Industrial Production and Housing Starts

Industrial production and housing starts were reported today. It has been well covered elsewhere, but I though I would make a couple of comments.

Compared to other cycles this recovery in industrial production continues to be moderate.

It is stronger than in the weak recoveries, but compared to the depth of the downturns the rebound is quite weak. The good point is that in the early stage of a recovery industrial production is driven largely by inventory rebuilding. But we have probably passed that point in the cycle as the economy shifts from the recovery stage to the expansion stage. This means that we are now seeing quite strong industrial production that is driven by changes in final demand rather than by inventory restocking. This implies that good growth in industrial production is likely to continue in contrast to previous expansions when industrial production growth flattened out after inventory restocking ended.

The other point in the report was that capacity utilization was rising. Normally rising capacity utilization is an important driver of business capital spending and is a good omen for continued growth. But that optimistic premise should be tempered by the point that one of the reasons capacity utilization is rising is that industrial capacity is actually contracting.

It is down -1.3% from a year ago, the largest contraction on record.

In contrast to growth in industrial production housing starts actually fell from 659,000 to 593,000. This reflects the major difference between the two economic sectors. Industrial production is being driven by a rebound in final demand while final demand for housing is weak.

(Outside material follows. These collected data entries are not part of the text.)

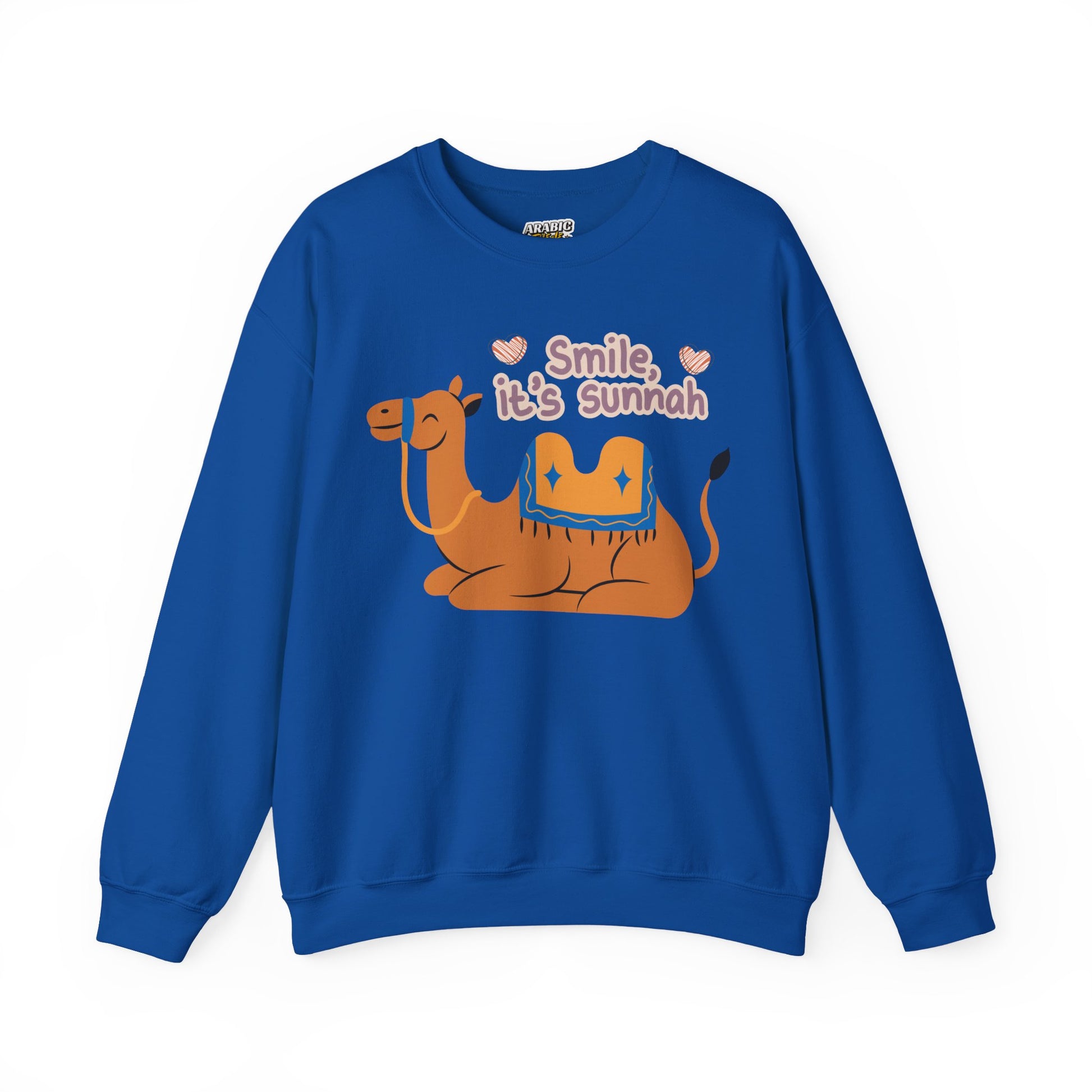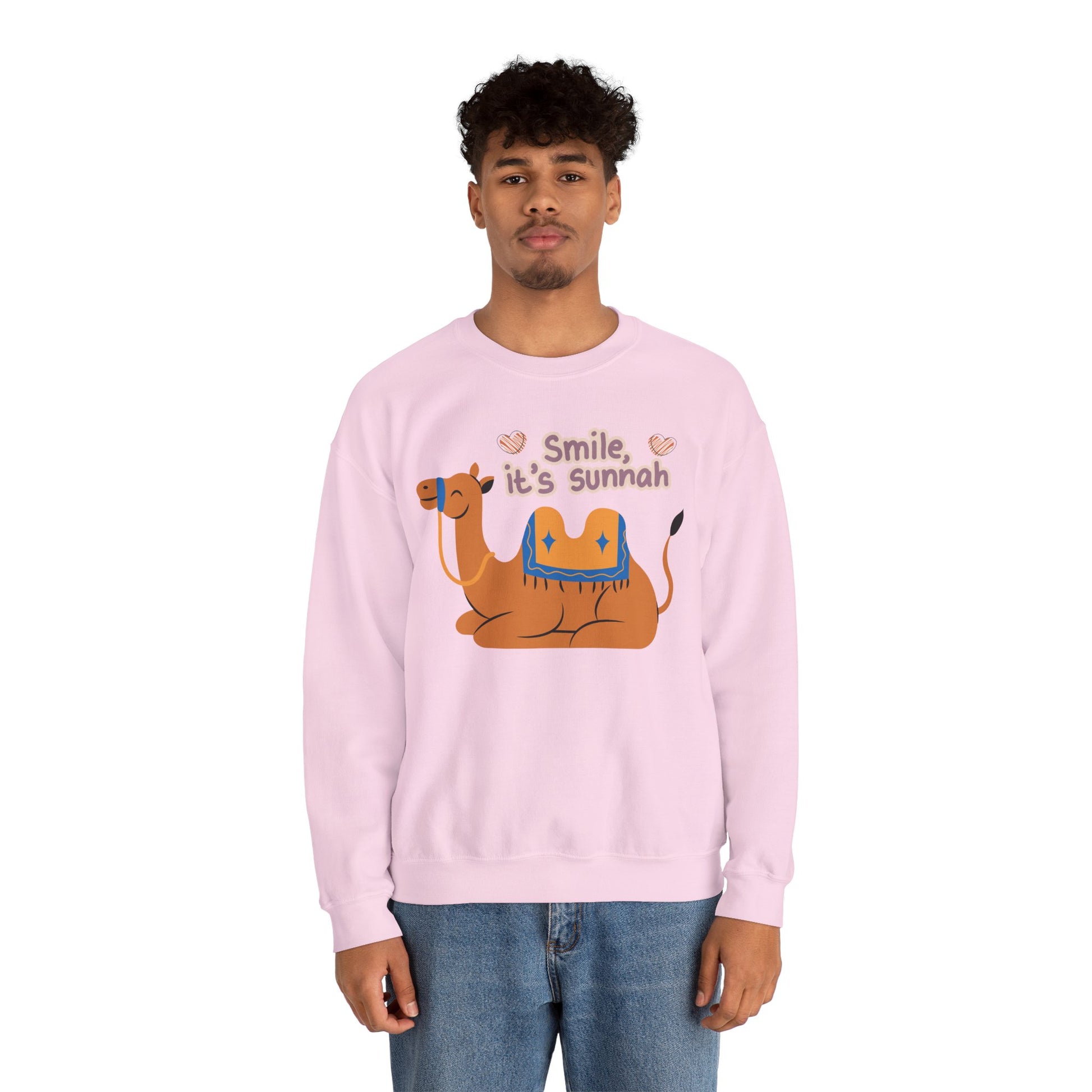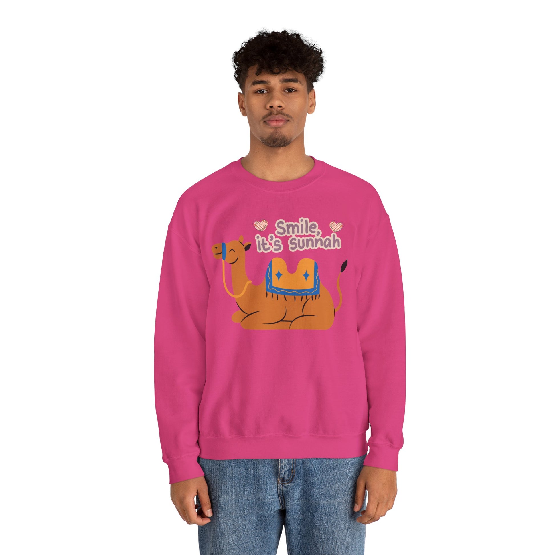 Smile Its Sunnah Typographic Sweatshirt - Cute Camel Smiling Cozy Soft Cotton Unisex Sweatshirt
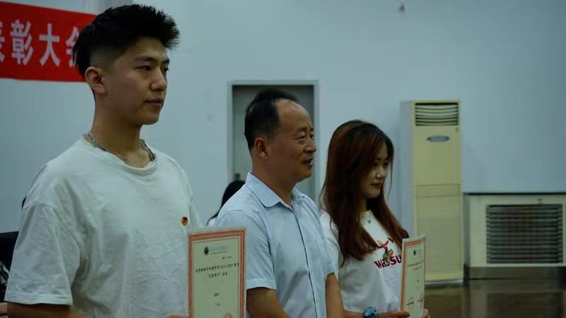 表彰大会在庄严的国歌声中拉开了序幕。马增强院长代表学院发表讲话,强调要把楷模精神带到自己的学习生活中,把体育传媒人的精神发扬在未来的工作中,希望大家鼓足干劲,再接再厉,争取更好成绩。学院副院长王翔宣布了学院表彰“四优一佳”学生和学院新一届学生会任命的决定。学生会主席韩卓作为学生代表发言,向全院学生发出努力学习、不负重托的倡议。在大家热烈的掌声中,学院领导、教师代表为获奖学生颁发了荣誉证书。最后,学院党委书记杨亚玲对本学年学生工作进行总结,向活跃于学校各部门的师生表达了感谢,本学年体育新闻与传媒学院师生响应习近平总书记号召积极学习党史,开展党史活动,为树立正确价值观打好基础,号召我们作为生长于新时代的青年应该坚定信念、保持自信、努力奋斗,历练本领,使自己成为第二个100年的合格的建设者和奉献者。
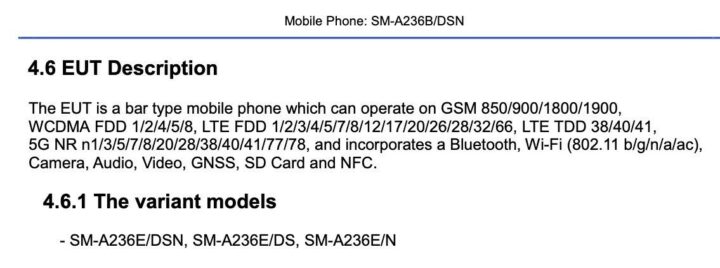 The Galaxy A23 5G is identified by model number SM-A236E. Other variants were also spotted, including SM-A236M and SM-A236B. The phone has dual-SIM capabilities, dual-band Wi-Fi 5, Bluetooth 5.0, and NFC. (via MySmartPrice)

Moreover, this weakness in housing demand reflects the over a decade of over-production in housing that built excess supply that still has to be worked off.

The fundamental driving force behind housing demand is household formation. In the short run other factors enter the picture. But no matter how many bells and whistles you add to the model, household formation will remain the most important factor. It is not a good determine of month to month fluctuations in the housing market but it is the key factor driving long term demand. Household formation is essentially a function of young people leaving home and setting up independent house keeping. That is one reason it is surprisingly cyclical as in hard times young people either remain or return home. But the long run trend is clear. After the baby boomers leaving home and setting up housekeeping lifted household formation to over 2 million annually in the 1970s and 1980s household formation has fallen to under 1.5 million annually. Moreover, it should remain at that low level unless we have some fantastic rebound in immigration.

This is easy to see if you look at a smoothed series of household formation and housing starts. In the 1970s and 1980s annual housing starts averaged over 2 million. But this was accompanied by household formations of over 2 million annually. So over that period supply and demand were in rough balance and despite the highly cyclical nature of both economic series, significant long term imbalances never developed. But look at what has happened since the late 1990s. Housing starts have significantly outpaced household formation creating a large supply of excess housing that will have to be worked out of the system. But with household formation now expected to remain well below 1.5 million this implies an extended period of housing starts remaining at or near their current low levels rather than the historic pattern of strong rebounds. This cycle the pent-up demand for housing is negative.